Segment Start: SUPPLIED MATERIAL

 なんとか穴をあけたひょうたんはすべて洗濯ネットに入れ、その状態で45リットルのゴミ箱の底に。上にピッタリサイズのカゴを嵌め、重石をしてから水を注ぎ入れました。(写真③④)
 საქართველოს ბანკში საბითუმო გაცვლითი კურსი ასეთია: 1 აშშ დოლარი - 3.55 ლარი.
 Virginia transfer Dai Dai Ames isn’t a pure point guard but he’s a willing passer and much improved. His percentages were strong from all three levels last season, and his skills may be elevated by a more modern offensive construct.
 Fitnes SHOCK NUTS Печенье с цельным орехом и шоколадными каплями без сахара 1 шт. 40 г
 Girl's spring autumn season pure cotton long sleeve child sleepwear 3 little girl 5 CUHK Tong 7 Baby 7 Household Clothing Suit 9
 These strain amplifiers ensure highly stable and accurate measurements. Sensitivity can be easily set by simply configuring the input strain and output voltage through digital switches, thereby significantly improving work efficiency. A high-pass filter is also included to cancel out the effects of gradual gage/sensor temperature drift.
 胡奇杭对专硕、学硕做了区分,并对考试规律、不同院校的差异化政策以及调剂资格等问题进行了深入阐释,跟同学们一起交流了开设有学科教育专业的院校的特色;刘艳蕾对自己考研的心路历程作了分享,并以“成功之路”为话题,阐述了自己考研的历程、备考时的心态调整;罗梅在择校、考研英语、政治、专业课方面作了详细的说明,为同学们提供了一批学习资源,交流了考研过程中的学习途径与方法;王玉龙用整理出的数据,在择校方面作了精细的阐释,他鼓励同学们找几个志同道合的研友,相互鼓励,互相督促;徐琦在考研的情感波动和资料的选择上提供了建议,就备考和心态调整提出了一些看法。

Segment End: SUPPLIED MATERIAL
Segment Start: SUPPLIED MATERIAL

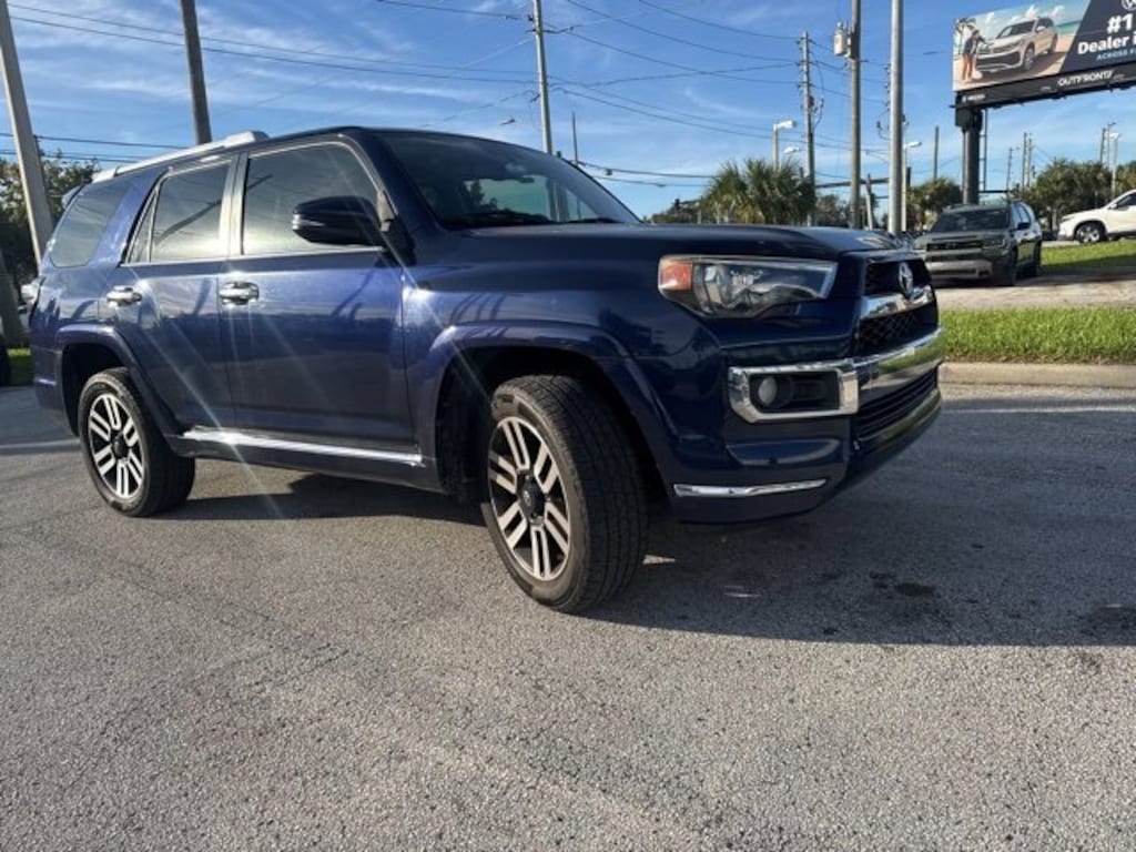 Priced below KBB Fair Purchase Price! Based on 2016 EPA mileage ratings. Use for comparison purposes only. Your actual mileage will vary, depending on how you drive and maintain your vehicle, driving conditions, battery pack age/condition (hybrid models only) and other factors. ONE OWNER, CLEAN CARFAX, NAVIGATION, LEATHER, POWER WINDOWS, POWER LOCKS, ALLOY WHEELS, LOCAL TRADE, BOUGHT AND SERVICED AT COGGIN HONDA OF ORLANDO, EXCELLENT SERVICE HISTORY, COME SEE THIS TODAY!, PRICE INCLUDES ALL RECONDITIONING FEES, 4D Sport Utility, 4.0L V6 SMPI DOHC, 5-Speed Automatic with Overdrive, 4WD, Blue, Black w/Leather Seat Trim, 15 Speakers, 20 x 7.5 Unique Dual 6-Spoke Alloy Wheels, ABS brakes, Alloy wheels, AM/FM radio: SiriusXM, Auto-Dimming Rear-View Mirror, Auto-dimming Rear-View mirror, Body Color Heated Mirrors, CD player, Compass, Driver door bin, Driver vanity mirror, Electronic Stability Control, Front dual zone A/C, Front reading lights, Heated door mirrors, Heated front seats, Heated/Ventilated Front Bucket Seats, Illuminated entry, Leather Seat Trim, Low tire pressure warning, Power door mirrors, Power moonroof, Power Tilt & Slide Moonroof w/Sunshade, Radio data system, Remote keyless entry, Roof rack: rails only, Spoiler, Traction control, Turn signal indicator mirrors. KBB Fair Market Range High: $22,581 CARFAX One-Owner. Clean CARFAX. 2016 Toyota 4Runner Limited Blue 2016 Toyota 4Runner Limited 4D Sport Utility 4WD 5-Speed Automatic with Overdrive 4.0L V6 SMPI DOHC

Segment End: SUPPLIED MATERIAL

→ WHAT YOU SHOULD DO
Please state how many lines in the records above hold the word "pure", giving only the number.

→ SOLUTION
2